Topic 1-06: GO/KEGG gene sets for other organisms
Zuguang Gu z.gu@dkfz.de
2025-05-31
Source:vignettes/topic1_06_more_gene_sets.Rmd
topic1_06_more_gene_sets.RmdBesides those well-studied organisms, there are also resources for less well-studies organisms, mainly for KEGG and GO gene sets.
KEGG pathways
KEGG pathway supports a huge number of organisms.
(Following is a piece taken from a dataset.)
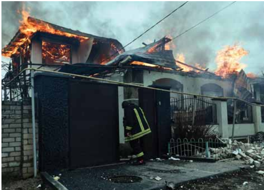
A firefighter stands at a burning house hit by the Russian shelling in Kherson, Ukraine, on the Orthodox Christmas Eve on Friday

During the call, Biden and Scholz expressed appreciation for the military support provided by other allies and partners to Ukraine, endorsed the ongoing coordination efforts of the Ukraine Defense Contact Group, and welcomed additional donations of air defense systems and combat vehicles.

You just need to find the corresponding organism code:
read.table(url("https://rest.kegg.jp/list/pathway/hsa"), sep = "\t")
read.table(url("https://rest.kegg.jp/list/pathway/ptr"), sep = "\t")
read.table(url("https://rest.kegg.jp/list/pathway/pps"), sep = "\t")
read.table(url("https://rest.kegg.jp/list/pathway/ggo"), sep = "\t")
read.table(url("https://rest.kegg.jp/list/pathway/pon"), sep = "\t")
...Or use the helper function from GSEAtopics:
load_kegg_genesets(organism)OrgDb packages
Biocondutor core team maintaines org.*.db packages for 18 organisms.
| Package | Organism | Package | Organism |
|---|---|---|---|
org.Hs.eg.db |
Human | org.Ss.eg.db |
Pig |
org.Mm.eg.db |
Mouse | org.Gg.eg.db |
Chicken |
org.Rn.eg.db |
Rat | org.Mmu.eg.db |
Rhesus monkey |
org.Dm.eg.db |
Fruit fly | org.Cf.eg.db |
Canine |
org.At.tair.db |
Arabidopsis | org.EcK12.eg.db |
E coli strain K12 |
org.Sc.sgd.db |
Yeast | org.Xl.eg.db |
African clawed frog |
org.Dr.eg.db |
Zebrafish | org.Ag.eg.db |
Malaria mosquito |
org.Ce.eg.db |
Nematode | org.Pt.eg.db |
Chimpanzee |
org.Bt.eg.db |
Bovine | org.EcSakai.eg.db |
E coli strain Sakai |
These org.*.db packages can be used in the same way as what we have seen with the org.Hs.eg.db package.
select(org.*.db, keys = keys(org.*.db), columns = c("GOALL", "ONTOLOGYALL"))
select(org.*.db, keys = "BP", keytype = "ONTOLOGYALL", columns = c("ENTREZID", "GOALL"))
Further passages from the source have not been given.